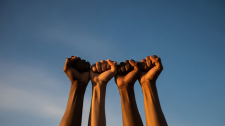 A powerful display of solidarity is captured as diverse hands, both light and dark, raise their fists against a serene blue sky. This striking image symbolizes strength, unity, and the collective spirit of resilience among different communities.
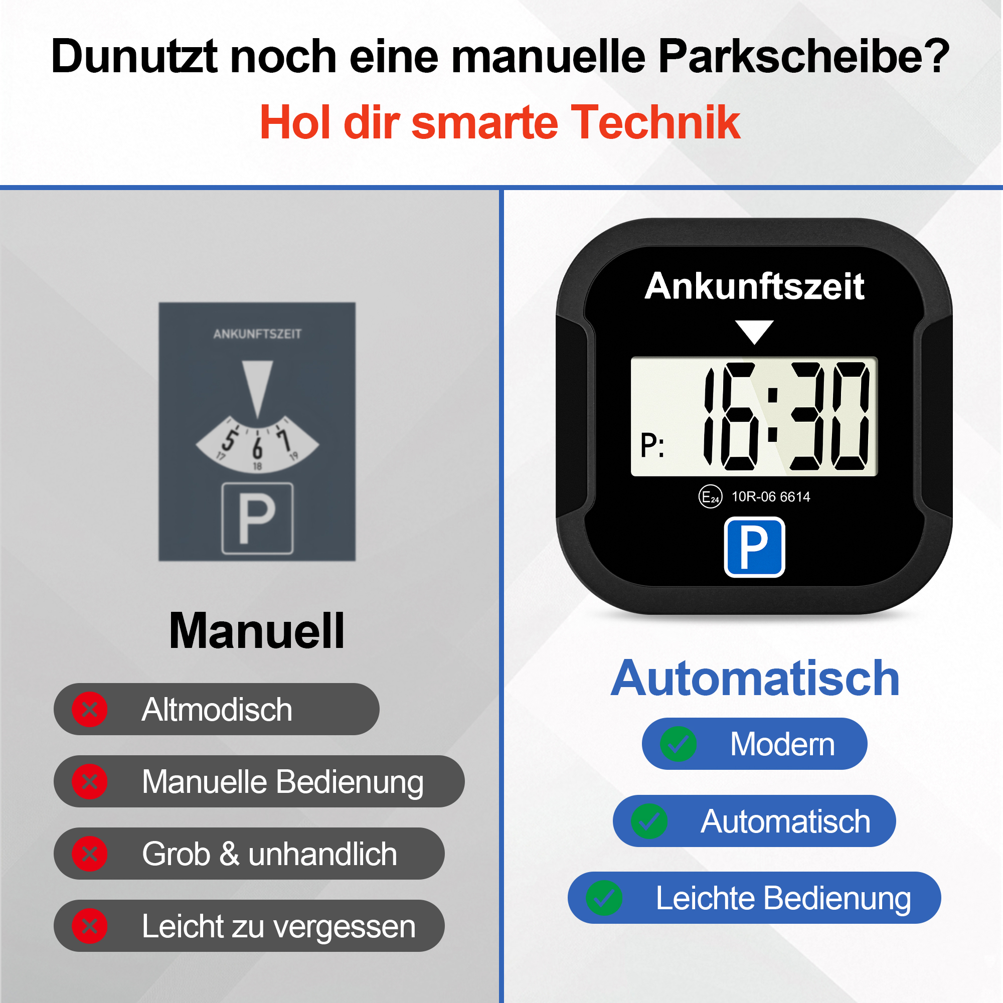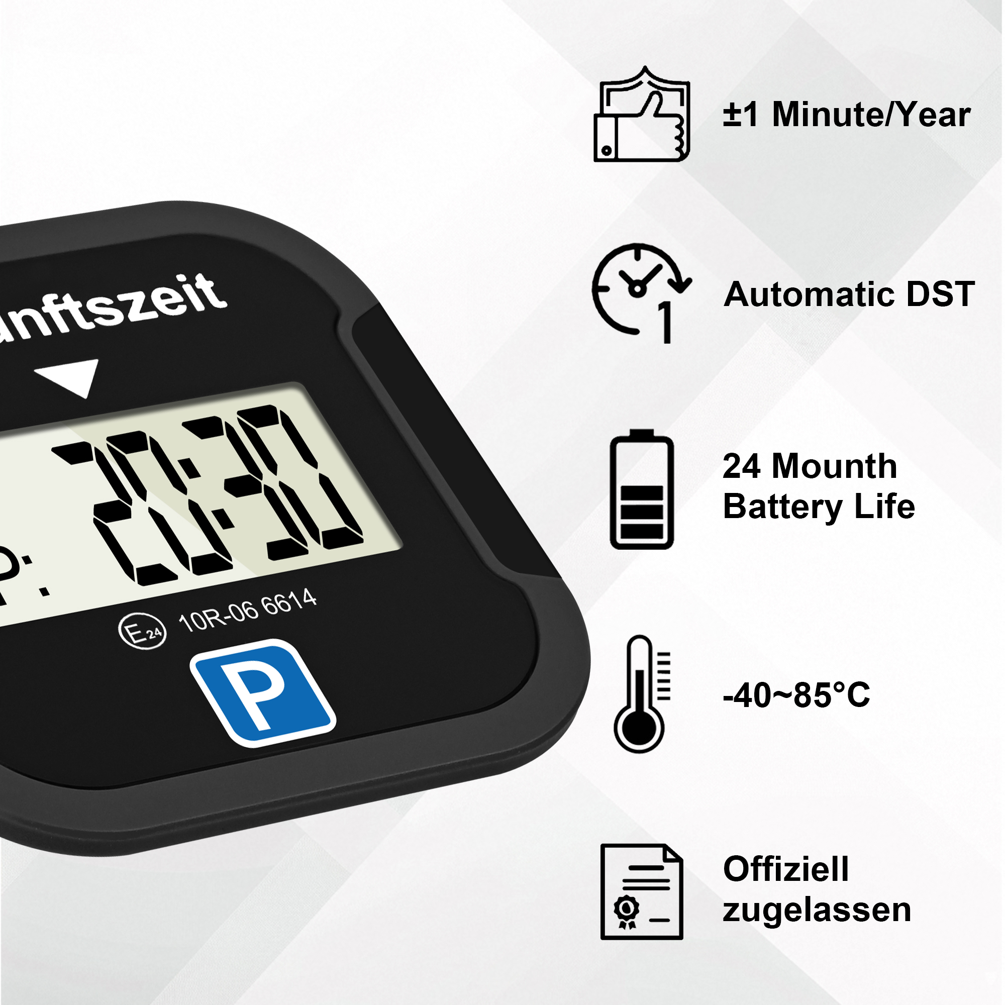 Elektronische Parkscheibe mit Zulassung fürs Auto - Automatische Digitale Parkscheibe Elektrisch mit Zulassung vom Kraftfahrt-Bundesamt nach StVO - Elektrische Parkuhr Auto zugelassen
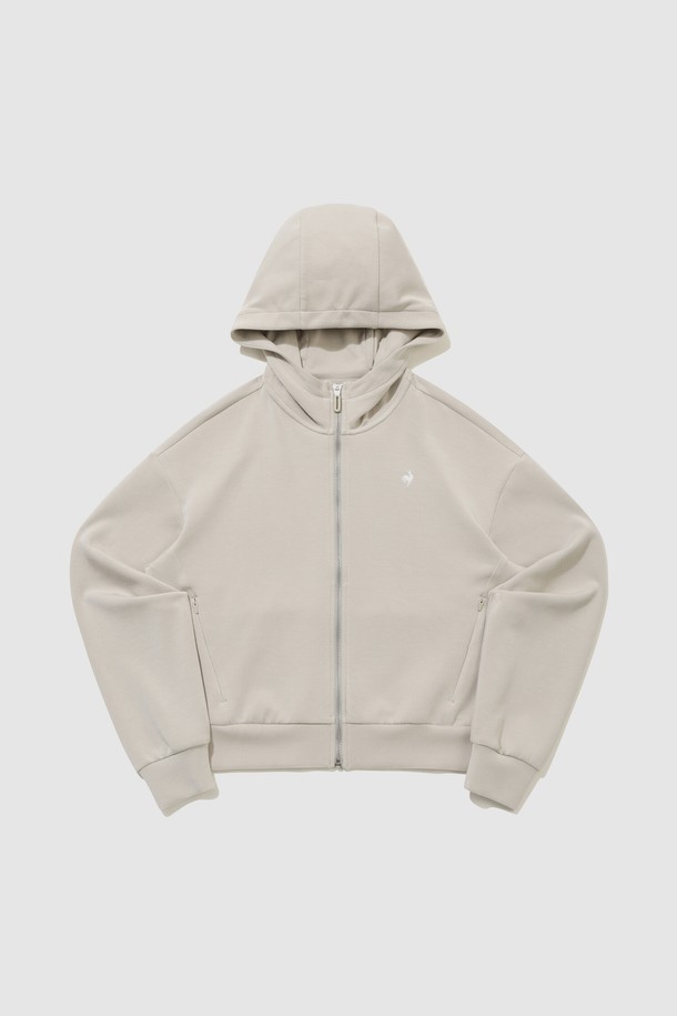 여성 더블텐션2.0 루즈핏 세미크롭 후드 집업 - 베이지 QR122OFT11

- **What you should do**
The answer should consist only of the lines from the line with "Elektronische Parkscheibe mit" through the last line of the data, repeated exactly; pictures stay out.

- **Response area**
 Elektronische Parkscheibe mit Zulassung fürs Auto - Automatische Digitale Parkscheibe Elektrisch mit Zulassung vom Kraftfahrt-Bundesamt nach StVO - Elektrische Parkuhr Auto zugelassen
 여성 더블텐션2.0 루즈핏 세미크롭 후드 집업 - 베이지 QR122OFT11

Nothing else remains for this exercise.